Of course, family physicians, when they get into a spot where it feels as though the presentation of the patient is beyond their scope, turn to consultants for further assistance.

7:45 p.m.

Conservative

Michael Cooper Conservative St. Albert—Edmonton, AB

That's why, for example, in the standards that have been set out, it is recommended that for a mental condition, a psychiatrist conduct the second evaluation. Why would that be necessary if a family physician could diagnose?

7:45 p.m.

Registrar and Chief Executive Officer, College of Physicians and Surgeons of Nova Scotia

Dr. Douglas Grant

There are a number of questions within that. The standard puts forward the requirement that when a grievous and irremediable condition is primarily that of mental health, the opinion of eligibility should be informed by a psychiatrist, so that the physician making the determination of eligibility can rely on the opinion of a psychiatrist who may already be present. I believe it was in the last session—and the physician's name escapes me now—that the witness who was video conferencing pointed out that involving psychiatrists for all such cases may create a problem of access.

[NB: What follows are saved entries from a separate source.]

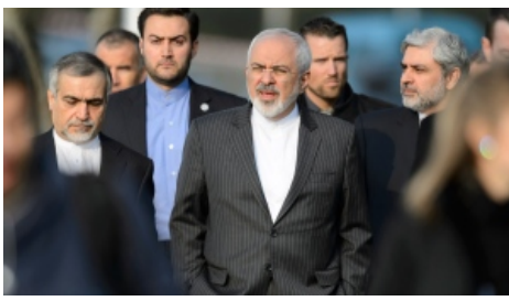
Iran nuclear talks break unexpectedly, official says deal close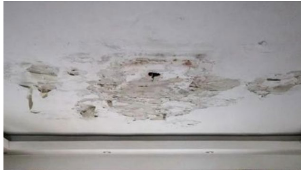
Figure 2: Roof leakage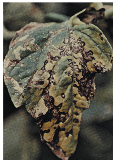
Figure 12. Bacterial spot on leaflet

and leaves wither and turn brown (Figure 13). Fruit symptoms are more distinctive than leaf or stem symptoms. Spots on green fruit first appear as black, raised, pimple-like dots surrounded by water-soaked areas. As the spots enlarge to 1/4 to 1/2 inch, they become gray-brown and scabby with sunken, pitted centers (Figure 14). The bacterium overwinters on the surface of seeds, in infected debris, and in soil. It is commonly brought into fields on infected transplants. Warm, rainy weather favors rapid spread of bacterial spot.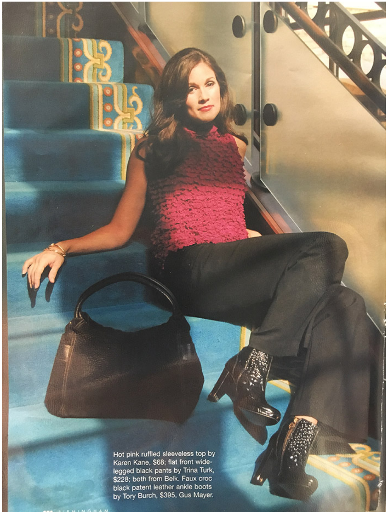
Hot pink ruffled sleeveless top by Karen Kane, $68; flat front wide-legged black pants by Trina Turk, $228; both from Belk. Faux croc black patent leather ankle boots by Tory Burch, $395, Gus Mayer.

I think we also have to recognize that in these early days of this new medical service and this new right of patients, as the profession itself grows increasingly accustomed to making decisions on questions of this sort, all would be comforted by the presence of a psychiatric opinion.

7:45 p.m.

Conservative

Michael Cooper Conservative St. Albert—Edmonton, AB

You're suggesting then that a psychiatric opinion in these sorts of matters would be appropriate in all instances, at least as a good safeguard, or, as you said, a comfort.